Today, DeMario Jackson breaks his silence regarding the infamous "Bachelor in Paradise" scandal which dragged his name and his co-star Corinne Olympios into a chaotic mess. The press has feasted on the controversy and capitalized on their privilege of delivering breaking news. However, this action caused direct violations to the privacy of those involved.

What went wrong?

Note that prior to Jackson's implied confession that he is the one being referred in the recent media frenzy and Olympios hiring of top attorneys to pursue her side, only one thing has been confirmed.

That is the one vague statement from Warner Bros. stating their knowledge of the allegations of misconduct on the set of "Bachelor in Paradise" in Mexico.

Without keeping facts in check, several Media Outlets began plastering the names and photos of the accused to the internet amid the lack of substantial proof to support their claims.
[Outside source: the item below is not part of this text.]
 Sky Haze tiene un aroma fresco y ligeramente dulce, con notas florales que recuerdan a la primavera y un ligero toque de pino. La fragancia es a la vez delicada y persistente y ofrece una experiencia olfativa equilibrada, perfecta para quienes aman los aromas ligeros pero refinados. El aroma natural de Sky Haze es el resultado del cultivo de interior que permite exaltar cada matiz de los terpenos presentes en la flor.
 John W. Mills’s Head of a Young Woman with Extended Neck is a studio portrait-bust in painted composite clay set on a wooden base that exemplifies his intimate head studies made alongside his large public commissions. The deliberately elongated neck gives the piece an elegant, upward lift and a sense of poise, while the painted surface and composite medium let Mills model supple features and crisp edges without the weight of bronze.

"Now This" took the initiative to trace the origin of this intel. Based on previous write ups and videos, it all came from a film writer named Amy Kaufman. Kaufman is currently writing a book about the "Bachelor." Later on, she began tweeting about the forthcoming cancellation of the show and continued on a tweeting spree spoiling the situation of two contestants.
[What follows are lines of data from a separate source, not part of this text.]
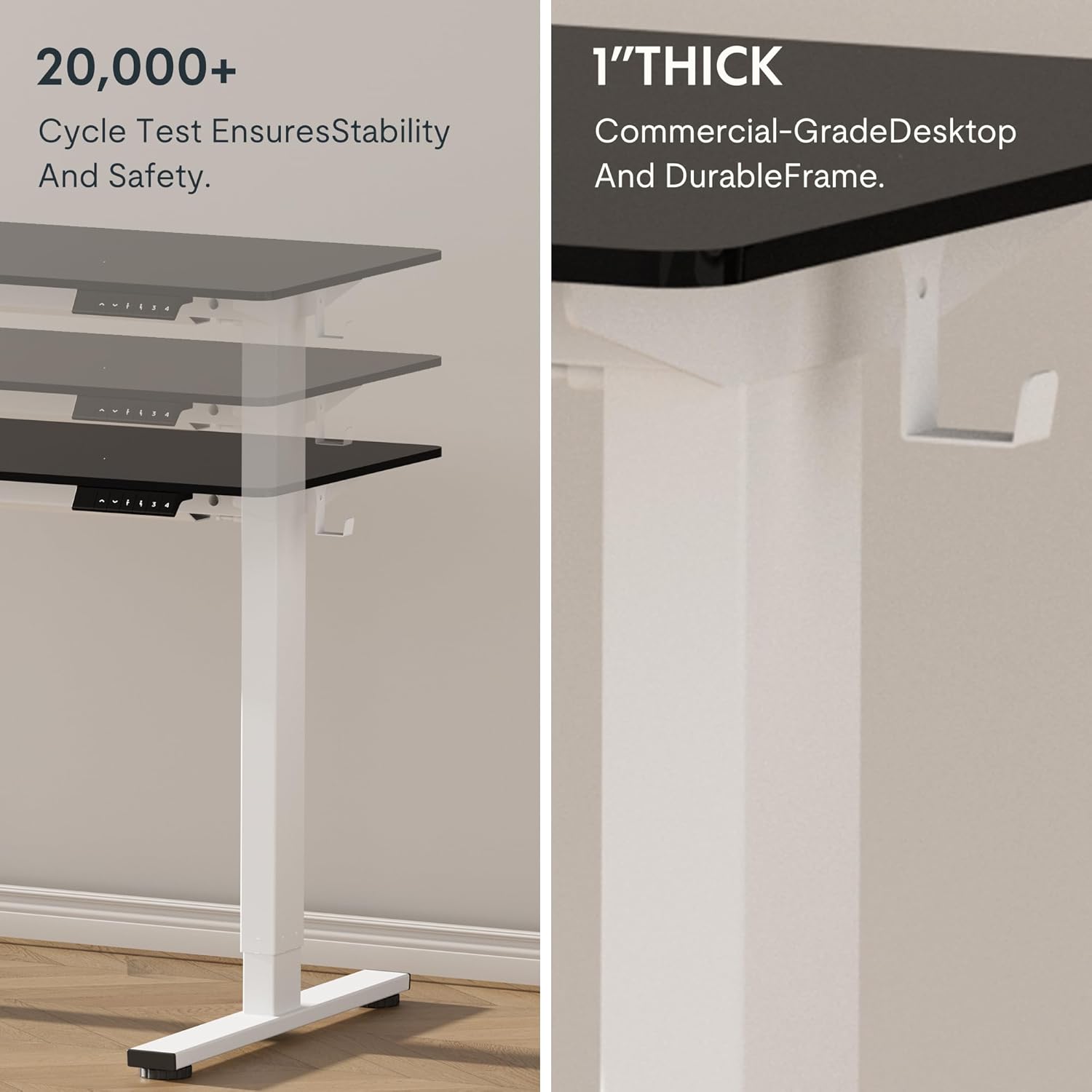 - 1" THICK ONE-PIECE DESKTOP:Experience the elegance of a completely smooth, seamless desktop surface. This design not only enhances the aesthetic but also ensures a sturdier and more stable structure compared to spliced tabletops.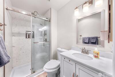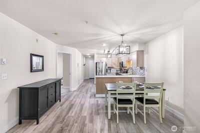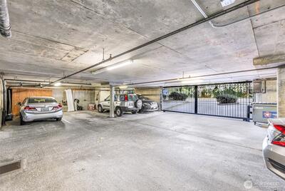 Well kept Kenmore condo end unit in highly secure building, no stairs, elevator & gated parking. This unit is nestled between Bothell and Lake Forest Park. New flooring throughout unit. Updated kitchen. No rental cap. Serene views of greenbelt. Open concept kitchen w/ breakfast bar and adjacent dining area. Living room has a wood burning fireplace & private balcony. Full primary suite with private bath and large closet. Additional bedroom and office (possible additional bedroom) with large closets. Generous utility room w/lots of bonus storage. Fresh paint and well lit. Close to shopping, 405, downtown Kenmore, and the Burke Gilman trail.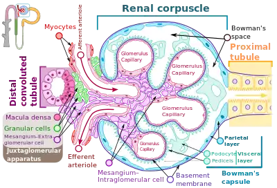 Glomerulus este un smoc de capilare situate în interiorul capsulei lui Bowman în rinichi. [2] Celulele mesangiale glomerulare susțin structural smocurile. Sângele intră în capilarele glomerulului printr-un singur arteriole numit arteriole aferente și iese printr-un artericol eferent.[3] Capilarele constau dintr-un tub căptușit de celule endoteliele cu un lumen central. Decalajele dintre aceste celule endoteliale se numesc fenestrae. Pereții au o structură unică: există porii dintre celulele care permit apei și substanțelor solubile să iasă, iar după ce trec prin membrana subsolului glomerular, iar între podocite procesele de picior, introduceți capsula ca ultrafiltrat.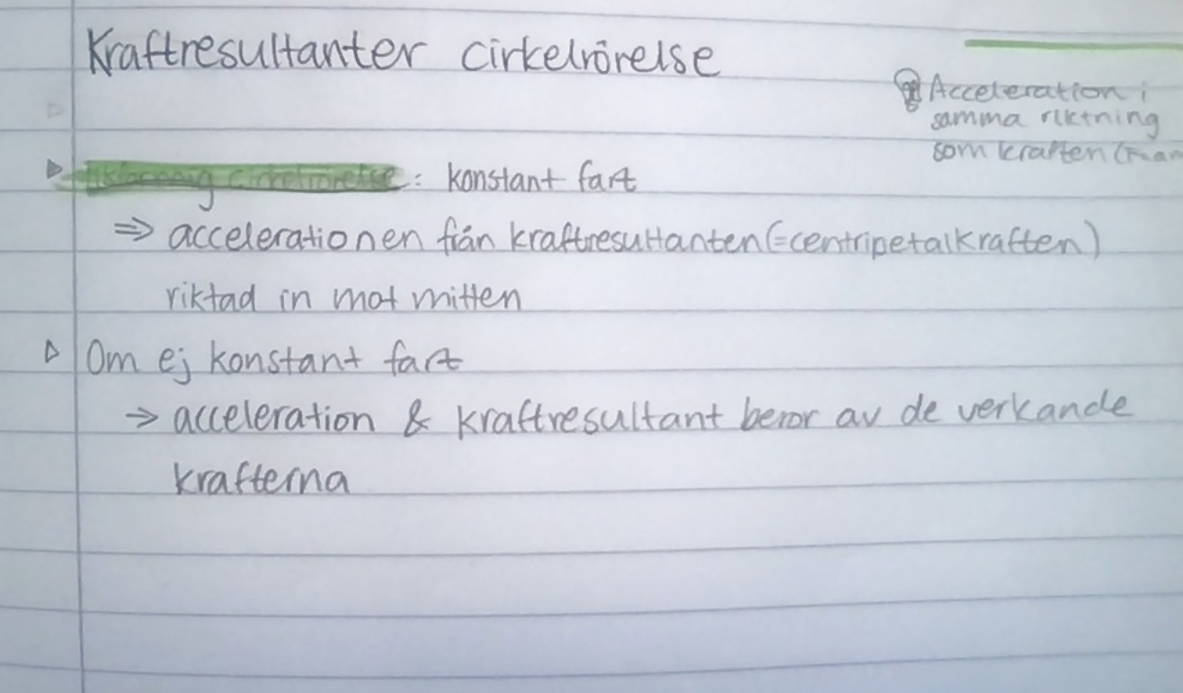 - Centripetalacceleration=RESULTERANDE accelerationen

She did not stop there and eventually dropped the bomb revealing the names of those involved and the photo was born.

'Now This': It's not okay!

According to their video posted on Facebook, "Now This" explains that what triggered the majority of the media which exclusively covered the controversy is their freedom known as "The First Amendment." The lack of laws to keep the press in check may have fueled them to publish about the sensitive topic over and over again.

On the other hand, the press has a code of ethics to follow. And one of those important ethics they should follow is to avoid revealing the identity of alleged victim of sex crimes unless the victims speak for themselves.
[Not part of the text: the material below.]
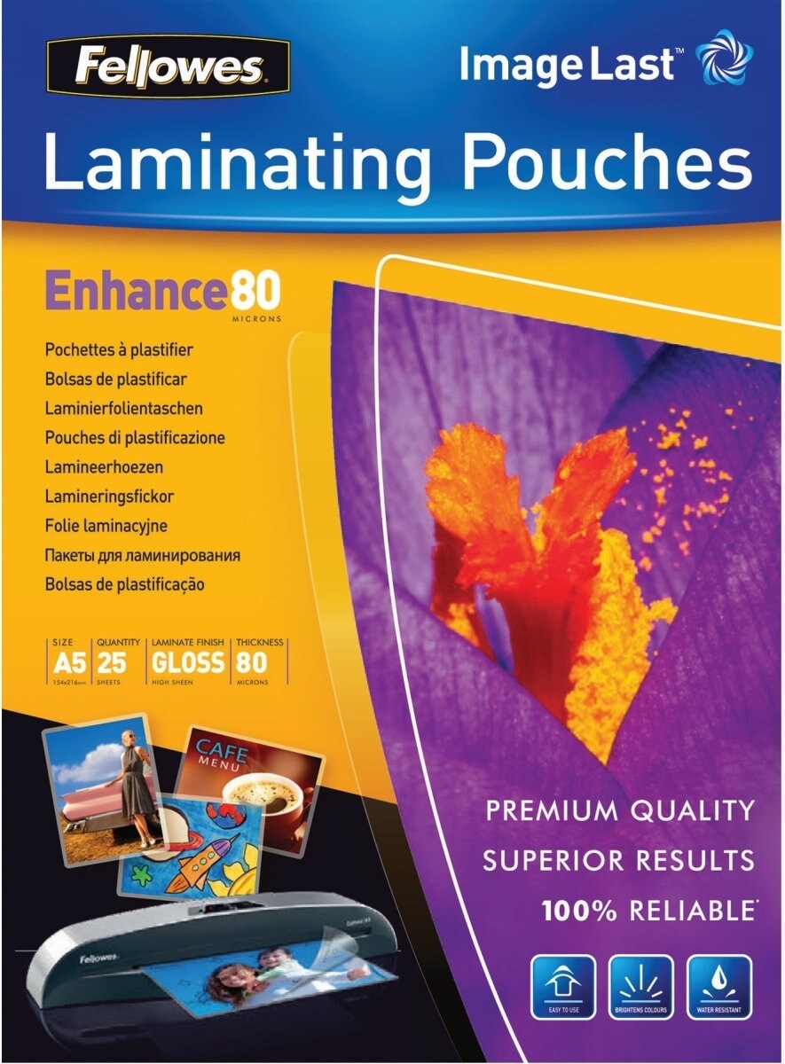 Fellowes ImageLast Enhance Laminierfolien DIN A5 Glänzend 80 Mikron (2 x 80) Transparent 100 Stück

And back with the "Bachelor in Paradise" scandal, "Now This" noted that when the media chose clickbait over ethics and decided to publish the allegations based on one person's tweet it has stirred the entire nation in devastating divisiveness.

Either one side starts slut shaming the woman or the other side vilifies him. But whatever transpired in the shooting of "Bachelor in Paradise," nothing warrants either sex without consent or convicting someone without even a single case being filed to the court.

For the grace of example, the report raises the issue of the Stanford rape victim whose identity has never been revealed. Her name has never been revealed not because the media could not have her name but because they have been grounded by the ethical rule and the agreed to grant that woman her privacy.

In the end, journalists should remember that ethics are more important than ever, "Now This" quipped.